Columns subjected to distributed axial loads may be treated by formulas developed for end leaded columns if a coefficient of constraint is used that takes into account both the load condition and end fixities. Figure 2-44 shows columns under a uniformly distributed axial load of P/L lbs/in with various end restraints and their corresponding coefficients of constraint. The values P, L, and C are used in the formulas for end loaded columns.

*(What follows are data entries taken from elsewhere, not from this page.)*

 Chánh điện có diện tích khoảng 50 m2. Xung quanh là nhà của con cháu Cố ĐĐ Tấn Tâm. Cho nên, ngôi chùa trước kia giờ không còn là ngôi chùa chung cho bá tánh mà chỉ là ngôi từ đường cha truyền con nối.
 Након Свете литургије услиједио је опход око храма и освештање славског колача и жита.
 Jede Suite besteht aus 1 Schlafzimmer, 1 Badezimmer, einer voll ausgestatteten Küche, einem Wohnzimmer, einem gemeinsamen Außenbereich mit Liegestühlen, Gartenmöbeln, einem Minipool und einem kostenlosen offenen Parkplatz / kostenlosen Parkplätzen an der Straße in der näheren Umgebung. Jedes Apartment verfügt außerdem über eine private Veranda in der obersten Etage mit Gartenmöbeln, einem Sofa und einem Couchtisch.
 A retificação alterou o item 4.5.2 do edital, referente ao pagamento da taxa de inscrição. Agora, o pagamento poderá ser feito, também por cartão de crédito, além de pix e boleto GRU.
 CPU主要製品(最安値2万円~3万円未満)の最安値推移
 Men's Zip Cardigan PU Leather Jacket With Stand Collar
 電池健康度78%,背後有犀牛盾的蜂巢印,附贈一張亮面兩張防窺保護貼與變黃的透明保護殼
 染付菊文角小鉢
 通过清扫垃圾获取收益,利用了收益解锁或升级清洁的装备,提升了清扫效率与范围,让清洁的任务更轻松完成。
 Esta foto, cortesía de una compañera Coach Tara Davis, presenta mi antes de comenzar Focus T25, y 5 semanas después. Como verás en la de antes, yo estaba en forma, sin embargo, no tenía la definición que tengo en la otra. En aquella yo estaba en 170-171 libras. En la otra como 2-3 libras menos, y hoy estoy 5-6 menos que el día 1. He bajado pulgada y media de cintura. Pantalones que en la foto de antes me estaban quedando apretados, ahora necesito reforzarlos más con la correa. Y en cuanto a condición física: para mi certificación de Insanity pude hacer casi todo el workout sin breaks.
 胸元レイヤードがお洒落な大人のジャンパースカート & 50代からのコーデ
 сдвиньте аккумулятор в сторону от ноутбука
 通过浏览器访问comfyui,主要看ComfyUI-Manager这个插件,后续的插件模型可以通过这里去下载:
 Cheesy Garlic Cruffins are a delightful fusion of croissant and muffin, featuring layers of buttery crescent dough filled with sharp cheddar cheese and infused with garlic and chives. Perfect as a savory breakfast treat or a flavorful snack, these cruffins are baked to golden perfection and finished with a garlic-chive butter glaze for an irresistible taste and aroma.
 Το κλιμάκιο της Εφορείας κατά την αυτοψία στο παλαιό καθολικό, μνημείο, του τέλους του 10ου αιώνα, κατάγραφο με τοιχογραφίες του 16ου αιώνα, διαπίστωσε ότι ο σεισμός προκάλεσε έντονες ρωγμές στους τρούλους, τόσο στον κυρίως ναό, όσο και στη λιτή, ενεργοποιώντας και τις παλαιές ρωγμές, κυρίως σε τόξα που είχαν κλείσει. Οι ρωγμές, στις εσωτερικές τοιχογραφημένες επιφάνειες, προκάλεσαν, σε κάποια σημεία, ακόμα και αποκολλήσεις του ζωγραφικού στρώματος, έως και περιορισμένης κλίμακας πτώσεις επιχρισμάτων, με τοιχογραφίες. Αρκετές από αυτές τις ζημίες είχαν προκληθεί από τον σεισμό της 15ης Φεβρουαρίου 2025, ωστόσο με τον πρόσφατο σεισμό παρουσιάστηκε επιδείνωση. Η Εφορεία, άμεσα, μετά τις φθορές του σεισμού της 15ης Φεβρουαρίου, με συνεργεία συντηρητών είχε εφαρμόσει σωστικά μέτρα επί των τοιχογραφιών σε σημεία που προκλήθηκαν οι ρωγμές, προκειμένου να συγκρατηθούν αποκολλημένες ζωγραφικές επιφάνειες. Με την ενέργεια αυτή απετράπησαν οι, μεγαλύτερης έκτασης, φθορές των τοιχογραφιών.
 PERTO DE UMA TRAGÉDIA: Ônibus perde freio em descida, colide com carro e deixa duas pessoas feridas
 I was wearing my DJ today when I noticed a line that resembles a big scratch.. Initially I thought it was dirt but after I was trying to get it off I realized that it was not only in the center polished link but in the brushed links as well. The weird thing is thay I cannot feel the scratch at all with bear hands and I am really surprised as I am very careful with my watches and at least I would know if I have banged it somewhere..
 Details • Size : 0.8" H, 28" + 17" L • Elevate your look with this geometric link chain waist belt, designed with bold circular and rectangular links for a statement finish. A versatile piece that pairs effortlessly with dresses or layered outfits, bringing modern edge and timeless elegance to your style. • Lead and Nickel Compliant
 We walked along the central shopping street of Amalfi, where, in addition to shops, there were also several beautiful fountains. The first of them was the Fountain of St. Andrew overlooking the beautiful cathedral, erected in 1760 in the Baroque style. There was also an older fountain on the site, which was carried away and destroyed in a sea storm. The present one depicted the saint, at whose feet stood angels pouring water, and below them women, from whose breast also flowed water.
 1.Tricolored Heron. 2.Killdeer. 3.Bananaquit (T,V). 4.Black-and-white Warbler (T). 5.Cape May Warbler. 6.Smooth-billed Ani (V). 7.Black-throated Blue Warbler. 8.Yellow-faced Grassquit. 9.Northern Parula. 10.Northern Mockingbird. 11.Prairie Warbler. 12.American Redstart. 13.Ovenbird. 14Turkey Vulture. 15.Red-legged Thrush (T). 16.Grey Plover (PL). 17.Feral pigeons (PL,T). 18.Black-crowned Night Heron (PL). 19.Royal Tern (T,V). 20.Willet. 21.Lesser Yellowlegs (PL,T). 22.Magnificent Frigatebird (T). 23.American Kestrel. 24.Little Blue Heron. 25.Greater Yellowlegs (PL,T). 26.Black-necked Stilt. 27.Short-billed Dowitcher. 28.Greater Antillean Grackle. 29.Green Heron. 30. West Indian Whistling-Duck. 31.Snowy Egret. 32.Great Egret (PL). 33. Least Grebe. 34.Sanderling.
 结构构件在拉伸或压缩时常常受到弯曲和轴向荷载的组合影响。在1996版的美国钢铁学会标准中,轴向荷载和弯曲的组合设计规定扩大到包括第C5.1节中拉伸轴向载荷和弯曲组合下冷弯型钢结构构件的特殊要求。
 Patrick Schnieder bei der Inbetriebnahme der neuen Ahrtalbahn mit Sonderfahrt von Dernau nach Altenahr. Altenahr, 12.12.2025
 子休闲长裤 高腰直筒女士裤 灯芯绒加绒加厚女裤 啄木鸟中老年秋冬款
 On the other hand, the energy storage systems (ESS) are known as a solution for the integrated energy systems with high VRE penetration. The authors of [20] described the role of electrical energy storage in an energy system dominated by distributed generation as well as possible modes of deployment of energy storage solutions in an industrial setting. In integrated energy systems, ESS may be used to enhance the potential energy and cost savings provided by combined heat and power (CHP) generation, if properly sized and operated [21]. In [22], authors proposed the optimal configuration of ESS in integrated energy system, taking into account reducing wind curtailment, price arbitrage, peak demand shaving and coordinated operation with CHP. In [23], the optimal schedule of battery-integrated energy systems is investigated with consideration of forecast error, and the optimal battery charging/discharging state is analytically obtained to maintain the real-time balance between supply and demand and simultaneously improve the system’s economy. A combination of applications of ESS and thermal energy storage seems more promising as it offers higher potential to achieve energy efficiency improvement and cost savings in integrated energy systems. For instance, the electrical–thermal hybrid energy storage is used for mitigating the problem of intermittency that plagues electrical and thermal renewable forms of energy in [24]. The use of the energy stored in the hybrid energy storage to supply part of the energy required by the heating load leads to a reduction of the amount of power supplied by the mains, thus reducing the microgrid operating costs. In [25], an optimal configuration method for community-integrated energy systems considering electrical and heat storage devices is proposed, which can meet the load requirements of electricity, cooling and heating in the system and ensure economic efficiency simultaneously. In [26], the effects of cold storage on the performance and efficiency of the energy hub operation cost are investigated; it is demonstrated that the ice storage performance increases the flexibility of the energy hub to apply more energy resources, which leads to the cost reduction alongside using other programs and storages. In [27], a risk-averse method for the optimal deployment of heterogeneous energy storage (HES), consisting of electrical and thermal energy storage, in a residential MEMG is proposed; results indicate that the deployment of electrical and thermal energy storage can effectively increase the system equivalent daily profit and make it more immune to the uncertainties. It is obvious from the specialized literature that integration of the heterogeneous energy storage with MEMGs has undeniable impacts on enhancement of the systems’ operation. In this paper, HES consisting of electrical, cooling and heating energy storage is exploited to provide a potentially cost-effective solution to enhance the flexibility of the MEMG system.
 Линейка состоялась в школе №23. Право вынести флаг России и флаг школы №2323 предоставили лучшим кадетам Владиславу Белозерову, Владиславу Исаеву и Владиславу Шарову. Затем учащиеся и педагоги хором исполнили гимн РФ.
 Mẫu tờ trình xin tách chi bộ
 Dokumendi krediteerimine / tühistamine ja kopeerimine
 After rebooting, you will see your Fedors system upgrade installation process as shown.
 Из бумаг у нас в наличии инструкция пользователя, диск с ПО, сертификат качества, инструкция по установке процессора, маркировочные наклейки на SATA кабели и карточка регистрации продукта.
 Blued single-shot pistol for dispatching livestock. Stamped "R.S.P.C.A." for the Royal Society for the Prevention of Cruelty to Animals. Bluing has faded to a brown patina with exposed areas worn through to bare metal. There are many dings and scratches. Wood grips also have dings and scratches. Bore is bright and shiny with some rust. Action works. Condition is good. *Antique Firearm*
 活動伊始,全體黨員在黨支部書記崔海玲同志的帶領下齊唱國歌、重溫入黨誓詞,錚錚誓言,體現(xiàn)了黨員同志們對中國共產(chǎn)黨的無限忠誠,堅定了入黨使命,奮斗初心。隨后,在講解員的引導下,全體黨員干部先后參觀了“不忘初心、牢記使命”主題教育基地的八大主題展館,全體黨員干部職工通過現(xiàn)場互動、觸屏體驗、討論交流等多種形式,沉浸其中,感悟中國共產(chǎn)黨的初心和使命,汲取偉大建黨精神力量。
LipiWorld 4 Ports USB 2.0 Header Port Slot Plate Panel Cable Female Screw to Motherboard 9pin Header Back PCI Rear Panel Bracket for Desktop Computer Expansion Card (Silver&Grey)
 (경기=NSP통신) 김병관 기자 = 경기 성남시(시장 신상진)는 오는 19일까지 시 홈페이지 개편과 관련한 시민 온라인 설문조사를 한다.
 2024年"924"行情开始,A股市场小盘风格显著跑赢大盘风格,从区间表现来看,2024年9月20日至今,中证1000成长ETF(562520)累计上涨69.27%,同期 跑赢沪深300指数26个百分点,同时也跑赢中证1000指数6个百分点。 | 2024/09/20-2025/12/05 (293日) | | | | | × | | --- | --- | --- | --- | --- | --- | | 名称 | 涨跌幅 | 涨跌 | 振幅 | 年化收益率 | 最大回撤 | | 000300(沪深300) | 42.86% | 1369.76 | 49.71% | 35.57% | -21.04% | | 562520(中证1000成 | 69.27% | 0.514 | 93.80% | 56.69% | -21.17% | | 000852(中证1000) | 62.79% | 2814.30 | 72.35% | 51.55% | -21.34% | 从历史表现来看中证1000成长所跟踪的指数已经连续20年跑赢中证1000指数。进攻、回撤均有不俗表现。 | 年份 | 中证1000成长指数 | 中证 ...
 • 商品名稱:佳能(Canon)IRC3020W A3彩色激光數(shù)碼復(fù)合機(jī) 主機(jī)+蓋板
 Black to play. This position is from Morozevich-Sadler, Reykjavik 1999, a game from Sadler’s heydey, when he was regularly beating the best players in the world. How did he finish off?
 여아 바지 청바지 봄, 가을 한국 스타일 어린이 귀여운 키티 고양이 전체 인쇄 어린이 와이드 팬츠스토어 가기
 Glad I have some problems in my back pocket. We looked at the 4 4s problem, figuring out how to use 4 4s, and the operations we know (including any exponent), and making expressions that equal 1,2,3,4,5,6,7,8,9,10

Coefficients of Constraint for Columns Under a Uniformly Distributed Axial Load

2.3.1.6 Sample Problem - Concentrically Loaded Long Columns in Bending

Given: The concentrically loaded rectangular bar shown in Figure 2-45 is fixed at one end and attached to a round bar at the other end. Both bars are made of steel for which E = 30×106 psi and G = 11.5×106 psi.

Example of Constrained Column

Find: Pcr

Solution: From elementary strength of materials, θ = TL/IpG for a torsion bar. In effect, there are two 7.25-in -long bars attached to the end of the column so that the equivalent torsional spring constant is

$$ \mu = 2 { T \over \theta } = { 2 J G } \over L $$

Substituting the appropriate values into the expression for μ gives

$$ \mu = { (2) { \pi (1)^4 \over 32 } (11.5 \times 10^6) \over 7.25 } = 3.12 \times 10^5 ~\text{in-lb/rad} $$

The column may now be redrawn as Figure 2-46.

Free Body Diagram of Constrained Column
$$ { \mu L \over E I } = { (3.12 \times 10^5) (40) \over (30 \times 10^6) \left[{ 2 (0.5)^3 \over 12 }\right] } = 20 $$

From Figure 2-38, we find that C = 1.88. Solving Equation (2-2) for L' gives

$$ L' = { L \over \sqrt{C} } = { 40 \over \sqrt{1.88} } = 29.2 ~\text{in} $$

The radius of gyration of the bar is

$$ \sqrt{I/A} = \sqrt{ {2(0.5)^2 \over 12} / 2(0.5) } = 0.144 ~\text{in} $$

The slenderness ratio is

$$ { L' \over \rho } = { 29.2 \over 0.144 } = 203 $$

From Section 2.3.1.11.7, it is found that a steel column for which L/ρ is greater than 120 is a long column. Thus, the Euler formula, Equation (2-1), becomes

$$ P_{cr} = { A \pi^2 E \over (L' / \rho)^2 } $$

Substituting the values for the given column into this equation gives

$$ P_{cr} = { (0.5 \times 2) \pi^2 (30 \times 10^6) \over 203^2 } = 7,200 ~\text{lb} $$

In general, a column such as this must also be checked for buckling in the plane through the bar and the column. In this case, however, the column will not fail by this mode.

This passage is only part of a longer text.